4) The case of digital access to personal health record offers an exemplary opportunity to reflect on the meaning of the value of “empowerment” that is often mobilized in digital health discourses. The analysis of qualitative interviews with patients who have to access their medical records via desktop or mobile interfaces shows that there is a gap between the promise of empowerment and situated practices of patient accessing medical records.
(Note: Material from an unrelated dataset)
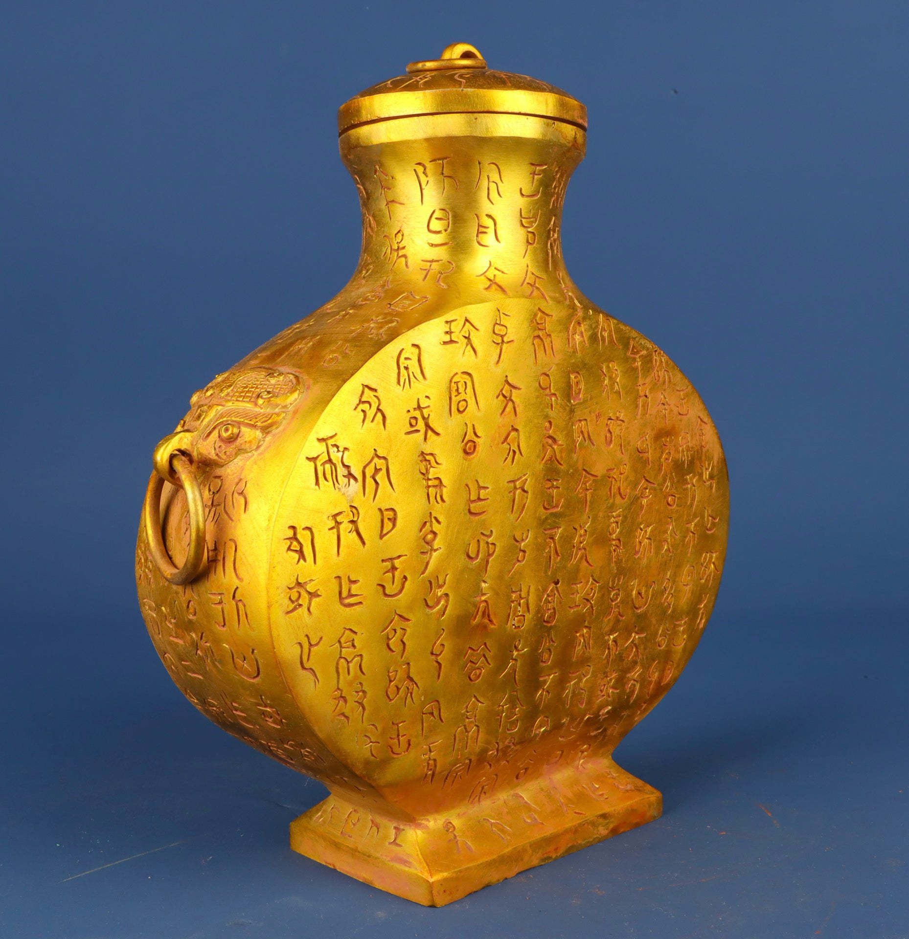 Chinese Antique Bronze Gilded Inscription Flat Pot

More specifically: 1) practices of care are characterized by relational assemblages rather than atomistic individuals; 2) the space for patients’ action is very limited (and this is at odds with the dominant rhetoric of “putting patients in control”); 3) in the context of digital health, “trust” is a central value, however, it should be understood not as “patients’ trust in the technology” but as “doctors’ trust in patients” (Lucivero, under review).
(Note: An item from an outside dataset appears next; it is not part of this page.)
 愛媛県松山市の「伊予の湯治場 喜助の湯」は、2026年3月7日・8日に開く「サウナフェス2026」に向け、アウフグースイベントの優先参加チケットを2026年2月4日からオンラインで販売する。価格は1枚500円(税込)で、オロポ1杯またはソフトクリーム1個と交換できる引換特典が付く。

EXPECTED POTENTIAL IMPACT AND USE
The main contribution of the proposed research is to offer a framework for the responsible development of portable health technologies. In an era of high interest of regulators and policy-makers for the future of healthcare, the research activities conducted in this project offer the basis to setting an agenda for a responsible development and integration of mobile health technologies in current care systems. By exploring the ethical social and political underpinnings of current discourses and practices surrounding this emerging field, this study offers guidance for policy makers, on the one hand, and technology developers on the other hand. It also offers a resource for clinical professionals and the larger public to understand current socio-technical changes in healthcare. The researcher’s current participation in the activities of the European Commission Working Group on mHealth guidelines as well as her active engagement in dissemination activities beyond academia ensure that the main ideas have been (and will continue to be) communicated to relevant stakeholders.